KU-CVLAB / CAT-Seg

Official Implementation of "CAT-Seg🐱: Cost Aggregation for Open-Vocabulary Semantic Segmentation"
https://ku-cvlab.github.io/CAT-Seg/
MIT License
247 stars 25 forks source link

Support for datasets with more than 255 classes #34

Closed rizzoligiulia closed 1 month ago

rizzoligiulia commented 1 month ago

When using the CatSeg model with a dataset that has more than 255 classes, the current implementation appears to be cutting off all classes above 255 and setting them to the 255th class. This is likely due to limitations in the underlying Detectron2 library, which CatSeg is built upon.

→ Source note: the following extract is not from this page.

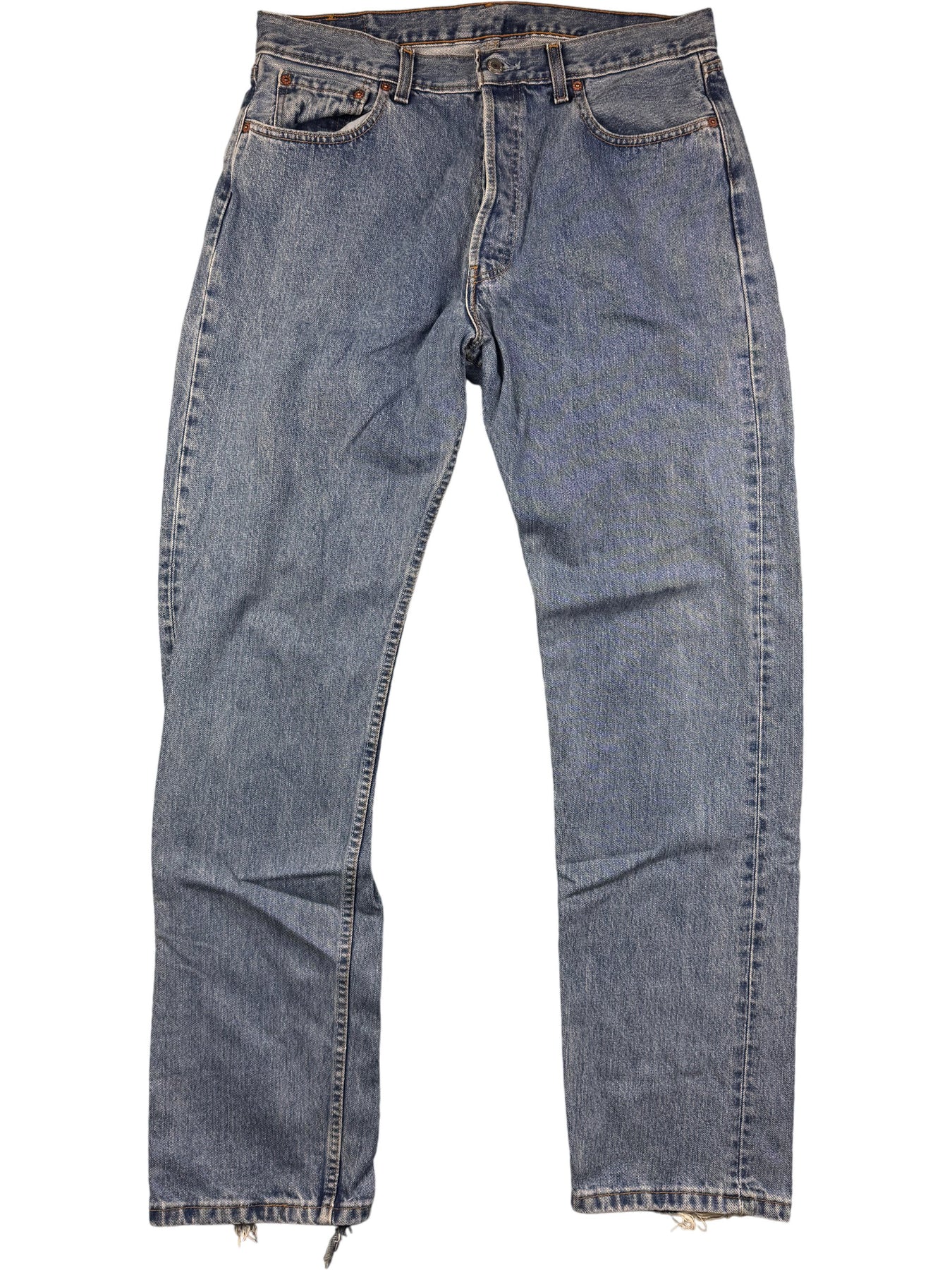 Classic Levi jeans with a straight leg design and a stone wash finish. Features include a traditional five-pocket style, button fly, and signature Levi's branding at the back.

hsshin98 commented 1 month ago

Hi, this seems like it's happening from one of our options here: https://github.com/KU-CVLAB/CAT-Seg/blob/6d3a188af95165147fe2f34a8237fa7d2633e784/cat_seg/modeling/transformer/model.py#L596 The pad_len is set to 256 by default and thresholds top 256 classes, which saves memory and time during inference. If you want to run the model with all of the classes, you can set pad_len = 0, which disables this feature.

rizzoligiulia commented 1 month ago

Hello, thank you for your answer.

The error I am facing regards the ground truth itself, i.e., the "sem_seg" in each batched_inputs. Even for A-847 and P-459, it seems to be an issue.

hsshin98 commented 3 weeks ago

Hi, we've check on our environment and this issue doesn't occur for our setting. We've had reports where the detectron2 library was the problem, so re-installing detectron might help. The dataset preprocessing might also be of an issue, so checking if you have properly followed the dataset preparations, since the prepare_dataset.py files process the annotation files.

rizzoligiulia commented 3 weeks ago

The thing is:

  1. I can reproduce the results from your paper without problems.
  2. By opening the annotations with PIL, I do not observe any problem and the labels are mapped with reasonable values (i.e., no issue encountered while using prepare_.py).
  3. By inspecting the "sem_seg" in the batched_inputs (inside cat_seg_model.py) for A-847 and P-459 I get only values <= 255.

What would be the correct detectron2 version to use?

hsshin98 commented 2 weeks ago

Hi,

We've gave a deeper look into detectron2 and the problem seems to be in the default dataloader. This is what we've figured out so far:

  1. This does not happen during training, as it uses a custom mapper function during training(cat_seg/data/dataset_mappers/mask_former_semantic_dataset_mapper.py)
  2. The evaluation also does not take effect because it uses a custom load function in its evaluator(https://github.com/facebookresearch/detectron2/blob/5b72c27ae39f99db75d43f18fd1312e1ea934e60/detectron2/evaluation/sem_seg_evaluation.py#L27)
  3. The problem only happens during inference, only within the "sem_seg" tensor in the forward loop. However, this is never used.

We're not sure what you want to do with the GT label during inference, but this also seems to happen with the newest version, so the only solution seems to be modifying the mapper inside the test dataloader instead of the default mapper. The problematic part is https://github.com/facebookresearch/detectron2/blob/5b72c27ae39f99db75d43f18fd1312e1ea934e60/detectron2/data/dataset_mapper.py#L159

The "L" option in read_image converts it into uint8, which cuts off all indexes above 255. Changing this line similar to what we have in the training loader like https://github.com/KU-CVLAB/CAT-Seg/blob/6d3a188af95165147fe2f34a8237fa7d2633e784/cat_seg/data/dataset_mappers/mask_former_semantic_dataset_mapper.py#L114 should do the trick.

Let me know if this helped!